X-ray absorption near-edge structure (XANES) and Extended X-ray Absorption Fine Structure (EXAFS) were acquired at the 10C nano-probe XAFS beamline (BL10C) of Pohang Light Source II. Prior to each run, the energy scale was calibrated using a metal-foil reference. Ex-situ spectra were acquired in both transmission and fluorescence modes and processed with the Demeter software package.

For in-situ flow-enabled studies, we employed a custom reactor that enabled simultaneous light irradiation, gas delivery, and X-ray probing under well-controlled conditions. A xenon lamp supplied illumination, which was guided to the catalyst layer through an optical fiber and maintained at 100 mW cm−2. The gas flow system was integrated with a mass flow controller to ensure precise delivery of CO2 (10 sccm) and H2O flow (10 mL/min) to the photocatalyst surface. To facilitate X-ray measurements, the reactor included a dedicated X-ray window located at the gas flow component. X-rays were directed at an angle perpendicular to the gas flow layer, penetrating the PTFE substrate to reach the photocatalyst layer coated on the inner surface of the membrane. The fluorescence emissions from the photocatalyst surface were captured by a silicon detector positioned at an appropriate angle, enabling real-time tracking of Cu bonding changes and structural evolution.

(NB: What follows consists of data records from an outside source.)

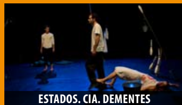
ESTADOS. CIA. DEMENTES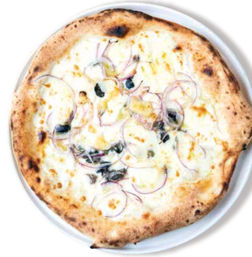
プリエーゼ 1630 Pugliese モッツアレラ・アンチョビ・ケッパー・オリーブ 国産ニンニク・赤玉ねぎ・グラナバダーノ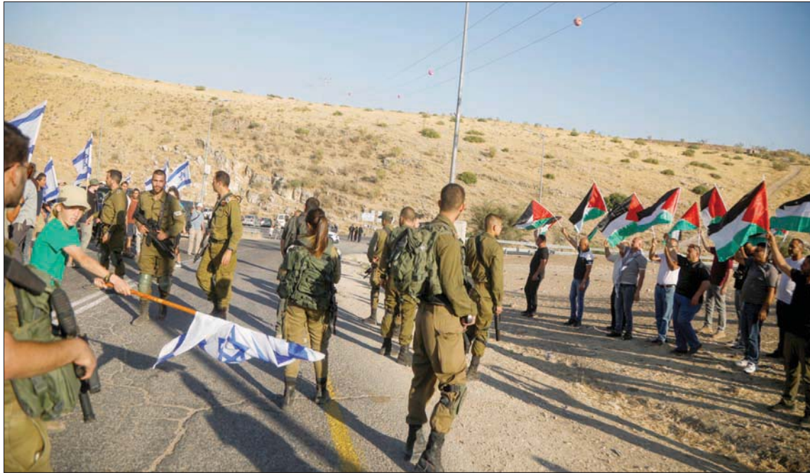
مواجهة بين فلسطينيين ومستوطنين يهود في غور الأردن بالضفة خلال يونيو الماضي

وذكرت صحيفة «هارتس»، أن وزارة الأمن الإسرائيلية، حشدت الصندوق القومي اليهودي لشراء مئات الدونمات من الأراضي الفلسطينية

For the in-situ flow-less reaction, the reactor was purged with CO2 containing H2O vapor at a flow rate of 100 sccm for 1 h, after which all connected lines were closed, and the system was exposed to Xe light irradiation at an intensity of 100 mW/cm2.

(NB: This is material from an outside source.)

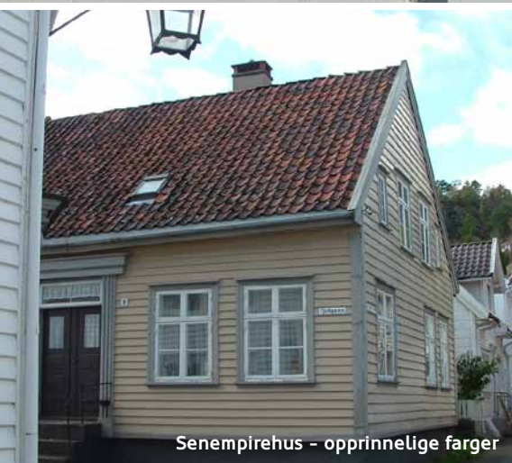
Senempirehus - opprinnelige farger

For in-situ measurement, the custom-designed reactor was engineered to allow simultaneous light irradiation, gas flow, and X-ray measurements while maintaining a controlled reaction environment. A Xe lamp was used as the light source, and light was delivered directly to the photocatalyst layer via an optical fiber. The reaction surface was continuously irradiated with a light intensity of 100 mW/cm2, covering X-ray exposure area. The gas flow system was integrated with a mass flow controller to ensure precise delivery of CO2 (10 sccm) and H2O flow (10 mL/min) to the photocatalyst surface. To facilitate X-ray measurements, the reactor included a dedicated X-ray window located at the gas flow component. X-rays were directed at an angle perpendicular to the gas flow layer, penetrating the PTFE substrate to reach the photocatalyst layer coated on the inner surface of the membrane. The fluorescence emissions from the photocatalyst surface were captured by a silicon detector positioned at an appropriate angle, enabling real-time tracking of Cu bonding changes and structural evolution. For the in-situ flow-less reaction, the reactor was purged with CO2 containing H2O vapor at a flow rate of 100 sccm for 1 h, after which all connected lines were closed, and the system was exposed to Xe light irradiation at an intensity of 100 mW/cm2.